#### GIVEN RECORDS:
****************

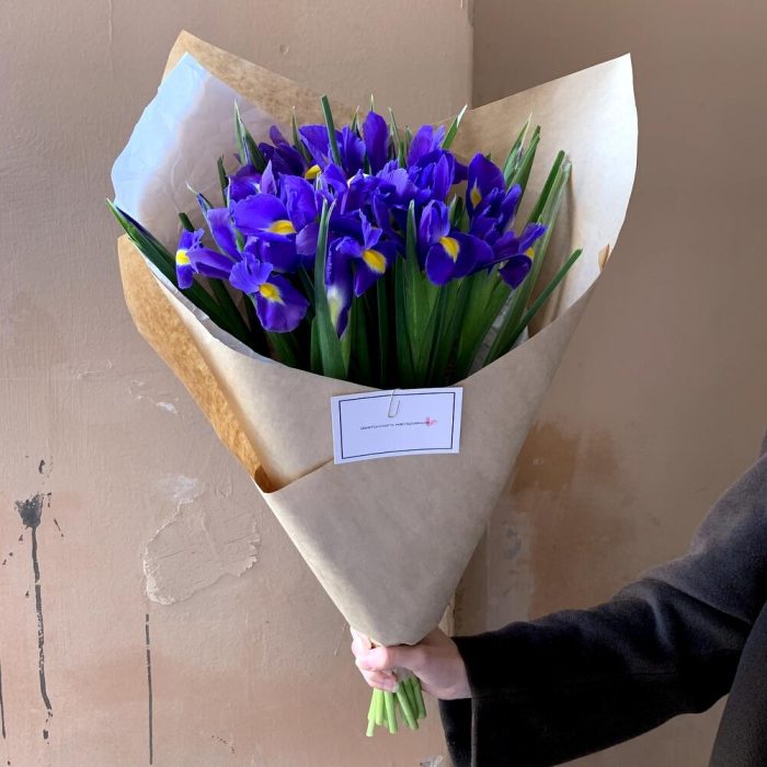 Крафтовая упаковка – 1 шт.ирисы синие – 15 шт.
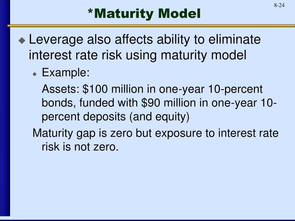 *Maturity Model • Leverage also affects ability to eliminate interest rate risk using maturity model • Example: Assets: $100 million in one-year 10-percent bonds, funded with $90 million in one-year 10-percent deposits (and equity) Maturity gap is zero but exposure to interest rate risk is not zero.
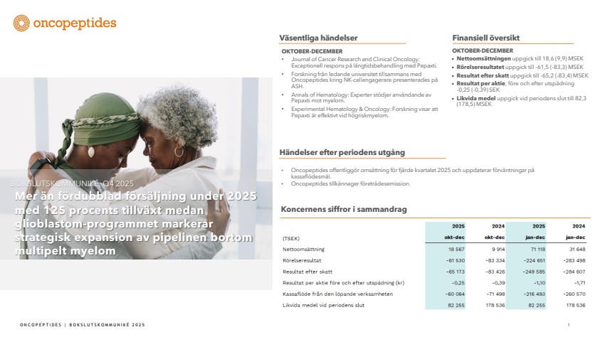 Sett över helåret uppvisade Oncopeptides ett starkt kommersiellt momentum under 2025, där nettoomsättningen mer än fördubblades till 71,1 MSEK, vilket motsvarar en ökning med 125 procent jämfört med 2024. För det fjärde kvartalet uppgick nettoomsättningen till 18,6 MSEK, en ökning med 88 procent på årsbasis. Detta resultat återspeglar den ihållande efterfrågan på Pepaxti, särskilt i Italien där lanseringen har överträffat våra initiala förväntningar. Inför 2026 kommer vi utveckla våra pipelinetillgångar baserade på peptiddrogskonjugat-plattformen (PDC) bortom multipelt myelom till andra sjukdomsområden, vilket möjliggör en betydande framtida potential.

****************

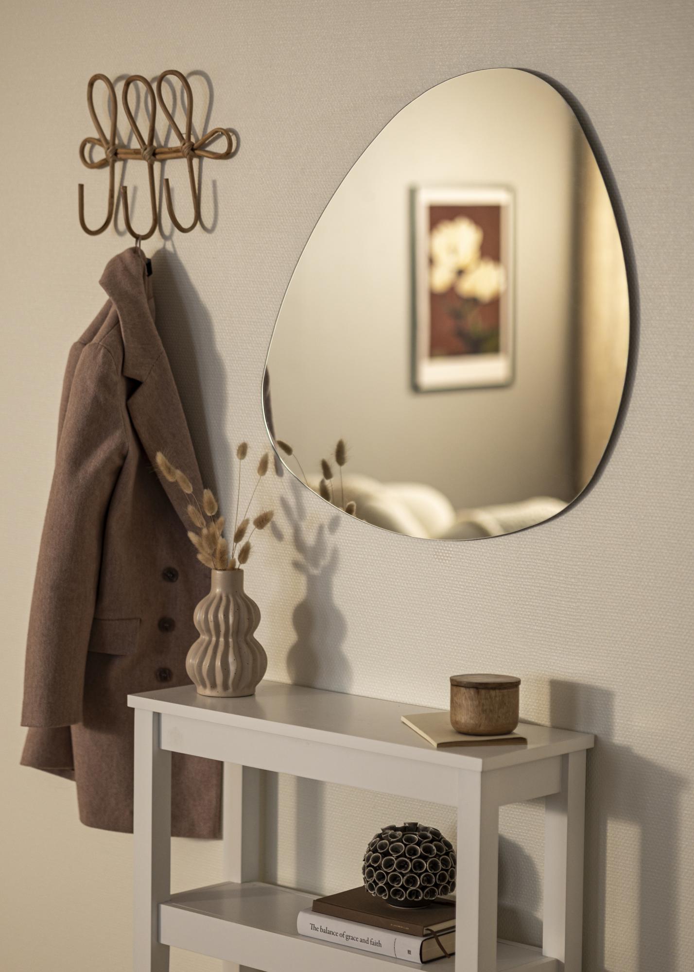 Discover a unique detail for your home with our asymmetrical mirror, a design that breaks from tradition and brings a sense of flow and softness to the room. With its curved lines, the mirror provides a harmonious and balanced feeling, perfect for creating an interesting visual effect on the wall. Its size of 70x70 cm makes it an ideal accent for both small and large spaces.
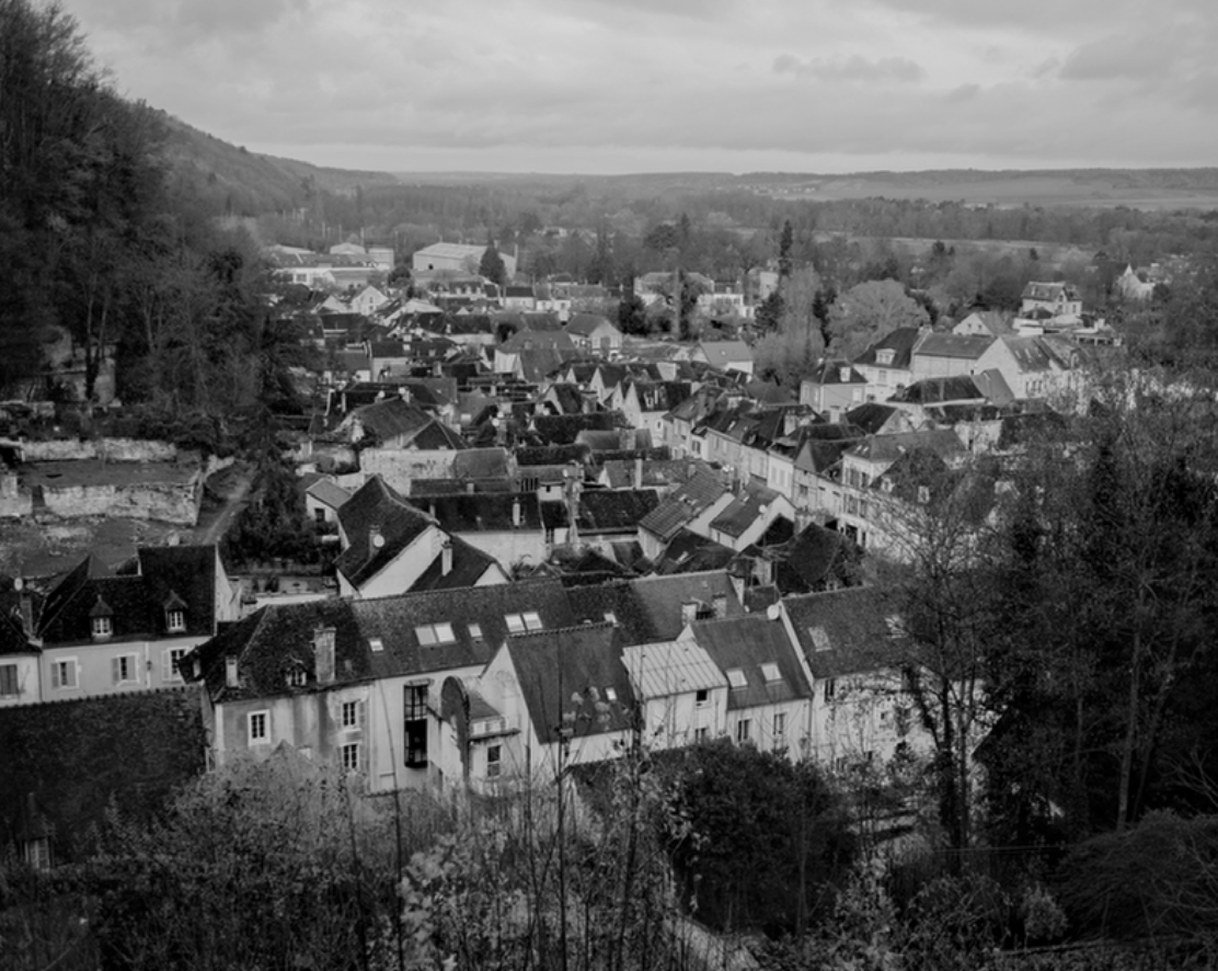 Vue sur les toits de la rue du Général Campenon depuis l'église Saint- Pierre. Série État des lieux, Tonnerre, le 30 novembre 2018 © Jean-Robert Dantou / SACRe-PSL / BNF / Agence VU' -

****************

#### TASK BRIEF:
Given the listing above, repeat exactly the lines starting at the one with "Discover a unique" and ending at the one with "Vue sur les", inclusive, excluding pictures.

#### TASK OUTPUT:
 Discover a unique detail for your home with our asymmetrical mirror, a design that breaks from tradition and brings a sense of flow and softness to the room. With its curved lines, the mirror provides a harmonious and balanced feeling, perfect for creating an interesting visual effect on the wall. Its size of 70x70 cm makes it an ideal accent for both small and large spaces.
 Vue sur les toits de la rue du Général Campenon depuis l'église Saint- Pierre. Série État des lieux, Tonnerre, le 30 novembre 2018 © Jean-Robert Dantou / SACRe-PSL / BNF / Agence VU' -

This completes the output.